> **Extracted material**

▶

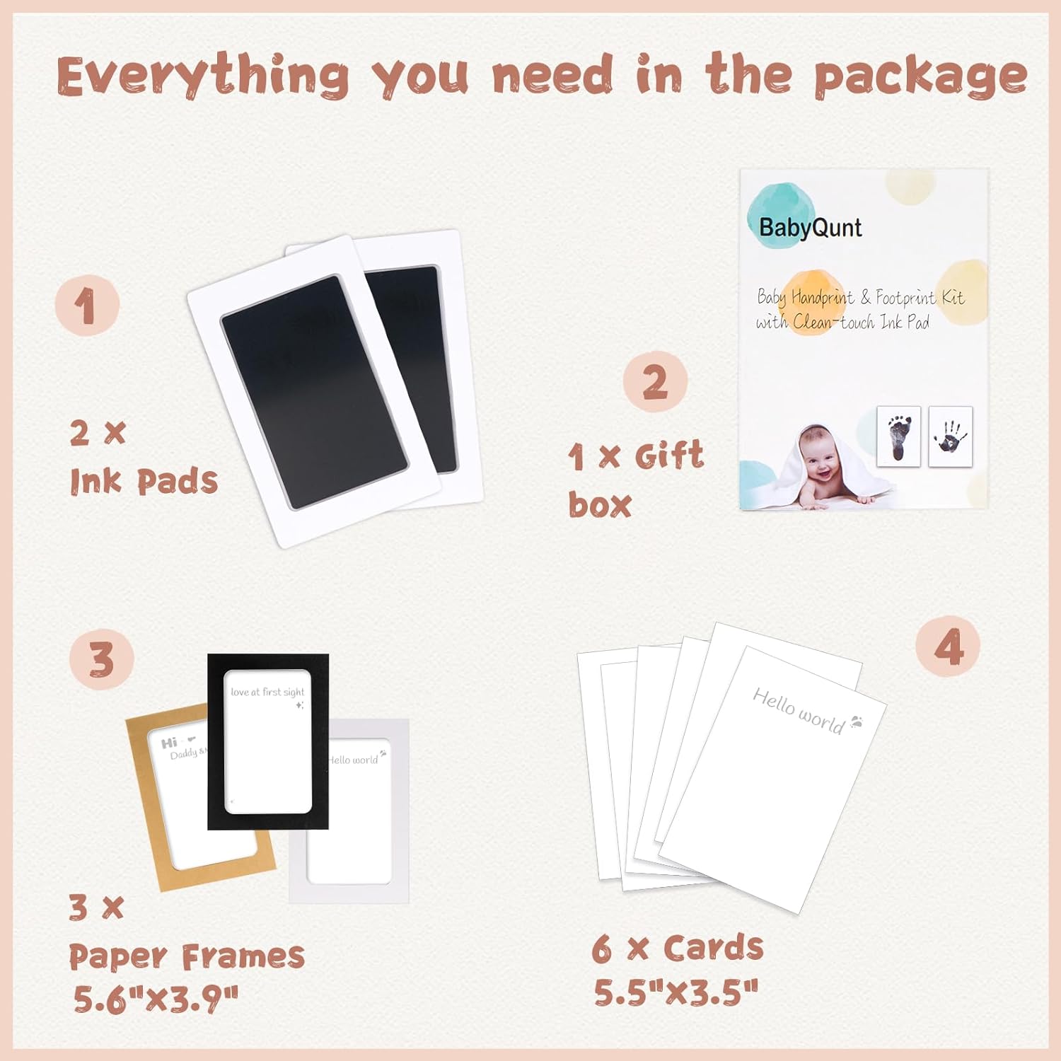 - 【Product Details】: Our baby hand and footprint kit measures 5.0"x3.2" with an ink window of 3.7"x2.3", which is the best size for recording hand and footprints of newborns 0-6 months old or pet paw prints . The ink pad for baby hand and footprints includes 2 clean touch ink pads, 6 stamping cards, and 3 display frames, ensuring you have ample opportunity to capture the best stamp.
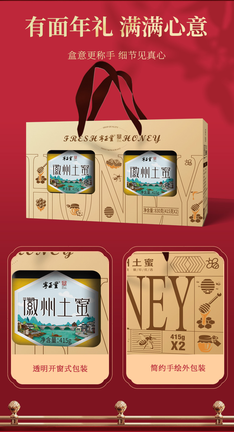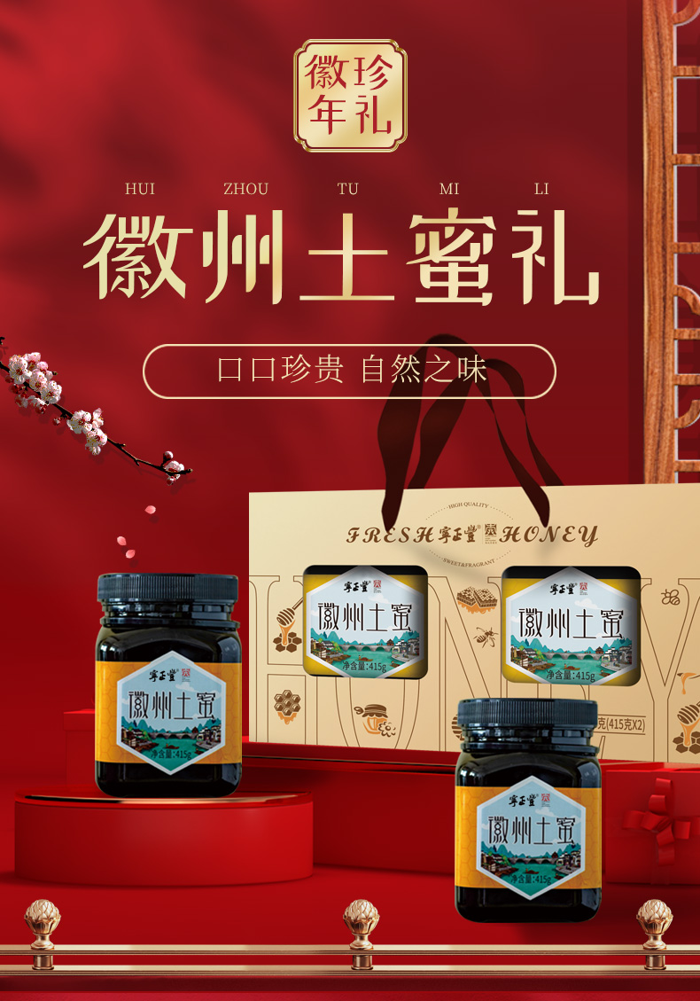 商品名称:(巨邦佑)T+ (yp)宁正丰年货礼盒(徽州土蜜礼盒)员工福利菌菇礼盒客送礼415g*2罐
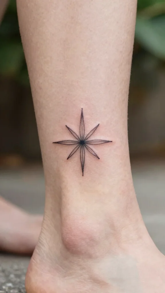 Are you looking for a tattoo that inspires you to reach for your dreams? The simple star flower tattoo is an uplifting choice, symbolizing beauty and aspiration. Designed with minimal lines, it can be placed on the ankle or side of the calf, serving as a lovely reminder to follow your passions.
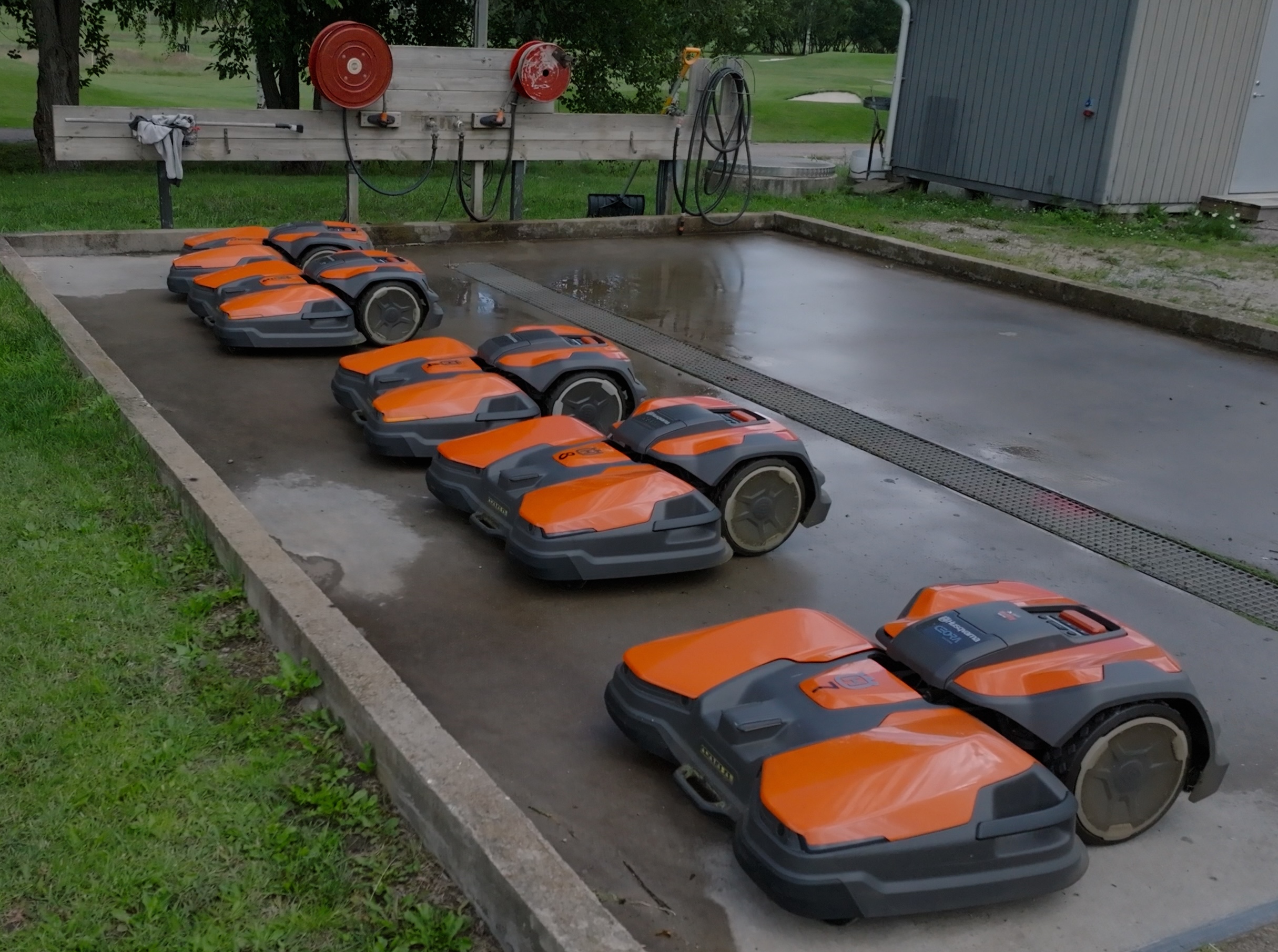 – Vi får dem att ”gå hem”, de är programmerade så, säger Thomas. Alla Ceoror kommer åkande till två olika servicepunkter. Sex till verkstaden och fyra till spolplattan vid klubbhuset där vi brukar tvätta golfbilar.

◀
▶

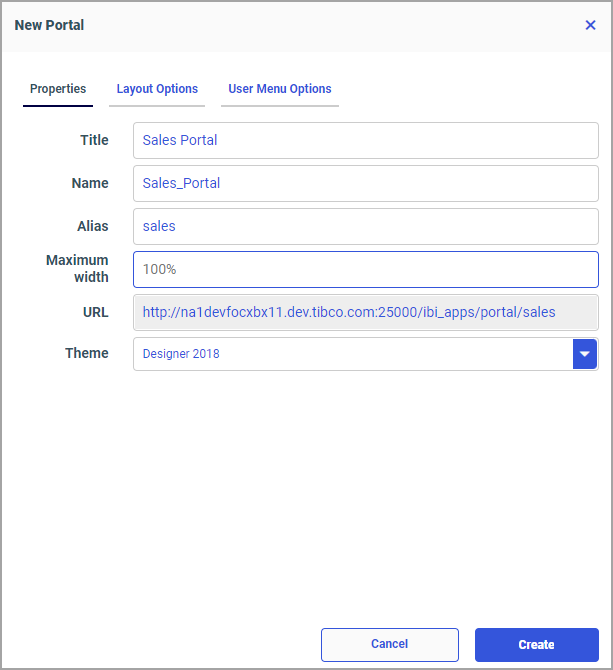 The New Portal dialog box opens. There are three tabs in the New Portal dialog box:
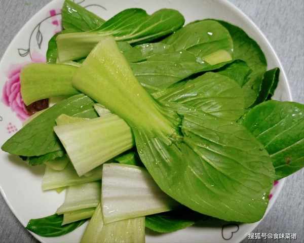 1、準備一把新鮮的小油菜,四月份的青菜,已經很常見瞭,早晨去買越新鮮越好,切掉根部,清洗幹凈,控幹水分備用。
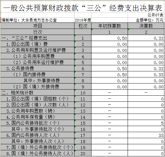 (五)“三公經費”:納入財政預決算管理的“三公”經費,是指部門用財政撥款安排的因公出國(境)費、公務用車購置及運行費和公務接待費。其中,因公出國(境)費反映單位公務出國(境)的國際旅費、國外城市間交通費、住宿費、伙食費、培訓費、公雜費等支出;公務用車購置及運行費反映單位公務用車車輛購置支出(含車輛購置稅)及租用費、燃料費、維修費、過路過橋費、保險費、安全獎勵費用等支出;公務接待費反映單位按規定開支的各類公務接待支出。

◀

> **Task instructions**
With pictures omitted, repeat the entries above word for word from the line holding "- 【Product Details】: Our" down to the line holding "brukar tvätta golfbilar.", keeping both of those lines.

> **Answer box**
 - 【Product Details】: Our baby hand and footprint kit measures 5.0"x3.2" with an ink window of 3.7"x2.3", which is the best size for recording hand and footprints of newborns 0-6 months old or pet paw prints . The ink pad for baby hand and footprints includes 2 clean touch ink pads, 6 stamping cards, and 3 display frames, ensuring you have ample opportunity to capture the best stamp.
 商品名称:(巨邦佑)T+ (yp)宁正丰年货礼盒(徽州土蜜礼盒)员工福利菌菇礼盒客送礼415g*2罐
 Are you looking for a tattoo that inspires you to reach for your dreams? The simple star flower tattoo is an uplifting choice, symbolizing beauty and aspiration. Designed with minimal lines, it can be placed on the ankle or side of the calf, serving as a lovely reminder to follow your passions.
 – Vi får dem att ”gå hem”, de är programmerade så, säger Thomas. Alla Ceoror kommer åkande till två olika servicepunkter. Sex till verkstaden och fyra till spolplattan vid klubbhuset där vi brukar tvätta golfbilar.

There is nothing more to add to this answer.